Vorsicht Handwerker!

Wenn auf Baustellen gepfuscht wird

2004 fiel im Kabinett des damaligen Bundeskanzlers Gerhard Schröder die Entscheidung, bei mehr als der Hälfte aller Handwerksberufe die Meisterpflicht abzuschaffen. Seither darf jeder Parkett, Estrich oder Fliesen legen. Mehr als einen Eintrag bei der örtlichen Handwerkskammer braucht es dafür nicht, keine Ausbildung, keine Vorkenntnisse, keinen Nachweis einer Qualifikation.

Ein einfacher Zugang zum Markt wurde so auch Handwerkern aus anderen EU-Ländern ermöglicht. Inzwischen zeigt sich aber, dass die Schäden für den Verbraucher zum Teil immens sind. Beim Bau eines Eigenheims müsse der Bauherr im Durchschnitt wegen unqualifizierter Arbeit mit einer Schadenssumme zwischen 25.000 und 50.000 Euro rechnen, so der Verband Privater Bauherren.

Frank Ecker, Geschäftsführer der Handwerkskammer Frankfurt/ Oder, sieht vor allem die Reform der Handwerksordnung als Ursache: „Mit Sicherheit ist im Zuge der Novellierung die Qualität in vielen Handwerksbereichen auf der Strecke geblieben. Das heißt, dass sich unqualifizierte Betriebsinhaber selbständig machen können. Auch der Verbraucherschutz ist auf der Strecke geblieben.“

Mangelnde Kontrolle?

Auch Schadensgutachter und die IG BAU machen die mangelnde Kontrolle von Qualifikation und Ausbildung – und den nicht regulierten Markt verantwortlich. Jeder könne seine Dienste anbieten, zu Dumpingpreisen und nahezu ohne Nachweise. Und das ausgerechnet in dem Land, dessen Handwerker einst für Eigenschaften wie Qualität, Verlässlichkeit und  Pünktlichkeit geachtet wurden.
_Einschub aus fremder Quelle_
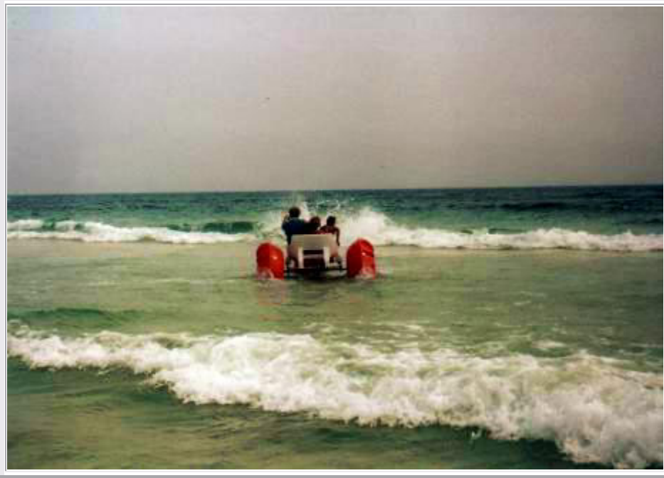
Panama City Beach: Fahrt mit dem schwimmenden Dreirad

Heute ist es wieder sonnig und heiß, und es läuft das gleiche Programm ab wie gestern: Dösen und Lesen auf der Liege am Strand, Schwimmen im Meer und im Pool, und die Kinder spielen in Sand und Wasser. Nachmittags essen wir Kuchen und Donuts.
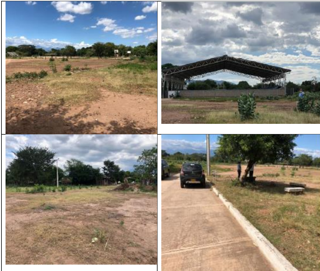
Fotografías. localización proyecto Urbanización San Felipe – San Diego
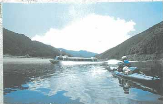
ウォータージェット船。浅瀬でも航行できるようにスクルーではなく、水を噴射する
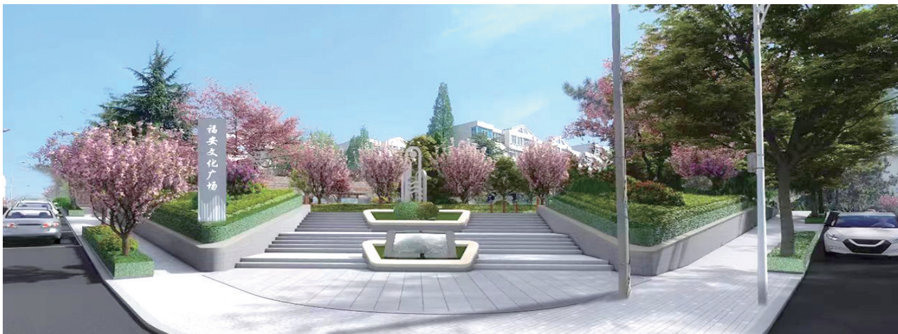
福安文化广场效果图

在市北区充满活力的土地上,随着城市更新战略步伐的稳健迈进,一幅宜居宜业的现代化新城区画卷正徐徐展开。今年,市北区以城市更新“三大场景”为核心驱动力,全面加速城市功能的优化升级、低效土地的盘活利用以及历史城区的活化复兴,每一步都踏出了坚实有力的步伐。
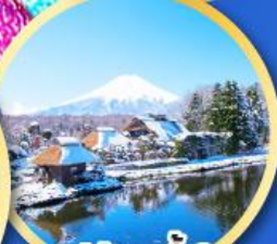
หมู่บ้านน้ำใส ไอชิโนะอัทึกิ
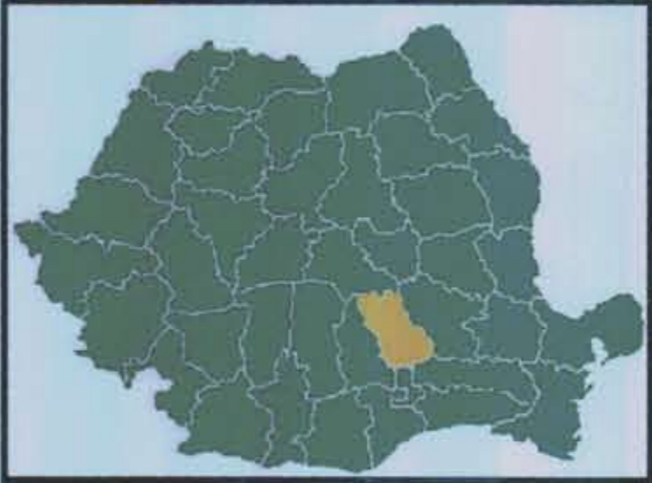
INCADRAREA JUDETULUI PRAHOVA IN TERITORIUL NATIONAL
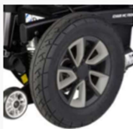
14" drive wheels front
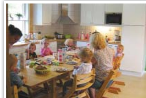
Slik ser det ut på Bjørnehiet etter oppussinga

Neste prosjekt vert no å få ordna ute på leikeområdet til borna. Vi har planane klare og vi vonar pengane strekk til, slik at vi får byrja på uteprosjektet før vi kjem alt for langt ut på hausten.
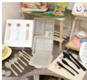
▲用途は多様で、環境に優しい素材として需要が増加しています

現在、当社で製造したライスレジン® を使用したカトラリーやレジ袋、歯ブラシなどが全国の飲食店や宿泊施設、小売店などで導入、販売され始めてきています。環境都市である水俣で、このようなバイオマスプラスチックを生産できることはとても有意義なことだと考えています。今後、「挑戦」をテーマに事業を発展させてまいります。
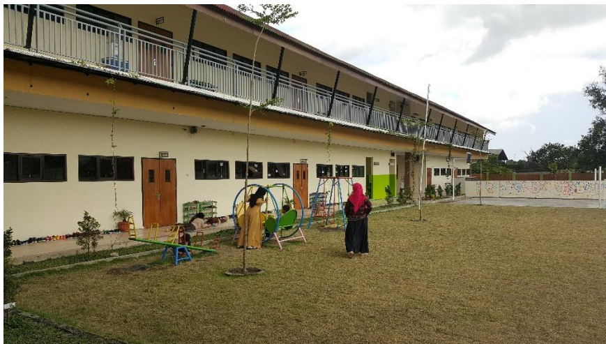
Gambar 1. 2 Foto Sekolah Teladan Yogyakarta
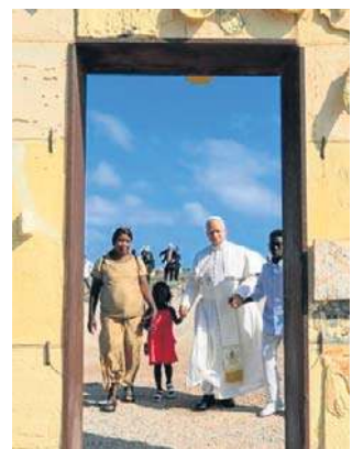
Papież z rodziną migrantów przy Bramie Europy

- Jestem wdzięczny Panu, że mogę was odwiedzić, idąc śladami papieża Franciszka, który 8 lipca 2013 roku zechciał przybyć na Lampedusę podczas swojej pierwszej podróży jako następcy Piotra - podkreślił Leon
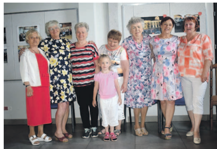
Seniorzy z niecierpliwością czekali na ten radosny moment

Oławscy seniorzy, po długiej nieobecności spowodowanej pandemią, wrócili do stacjonarnych spotkań w Klubach Seniora. Przy zachowaniu reżimu sanitarnego uczestniczą w zajęciach, które dzięki sprzyjającej aurze często odbywają się w plenerze. Seniorzy z radością przyjęli wiadomość o powrocie do aktywności, której bardzo im brakowało. Wszystkim życzymy dużo zdrowia oraz miłego spędzonego czasu.
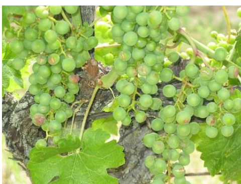
A jég helyenként kárt okozott
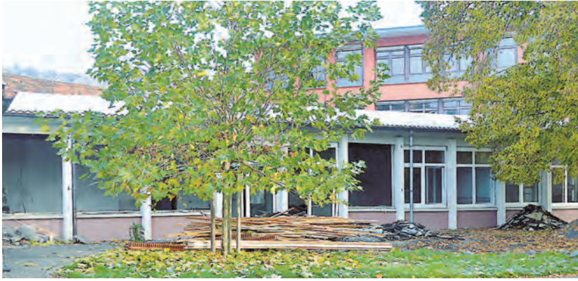
Der Abriss im St.-Martin-Kindergarten in Gottmadingen geht voran. Momentan wird das Gebäude entkernt.

Gottmadingen (lkr). Der Neubau des St. Martin-Kindergarten wird teurer als bei der Vertragsunterzeichnung angenommen. Insgesamt sind es etwas mehr als 20.000 Euro, die das neue Herzstück der modernen Kinderbetreuung in Gottmadingen mehr kosten soll. Diese Bilanz wurde im vergangenen Gemeinderat vorgestellt. Hinzu kommen weitere 40.000 Euro Kosten für das Provisorium im ehemaligen Gebäude der »BKK Fahr«, wo die Kinder in der Übergangszeit untergebracht sind. Doch diese Mehrkosten waren bereits im Mai absehbar, denn der Bodenbelag musste angepasst werden und zusätzlich sind mehr Kindergruppen zustande gekommen, als zuvor angenommen. Darüber hinaus gab es Kritik seitens der Gemeinderäte an der Dachgestaltung des Neubaus. Es ging um das Gründach, das aus Kostengründen in ein Kiesdach umgewandelt worden war. Kirsten Graf (SPD) fasste zusammen, dass jeder Bürger von der Ge-

2014 jährt sich die Novellierung der Meisterpflicht im Handwerk zum zehnten Mal. ZDFzoom zieht Bilanz und zeigt die Folgen der Entscheidung. Autor Florian Hartung konfrontiert die damals verantwortlichen Politiker, spricht mit Geschädigten, fragt nach bei Bausachverständigen sowie Handwerkskammern.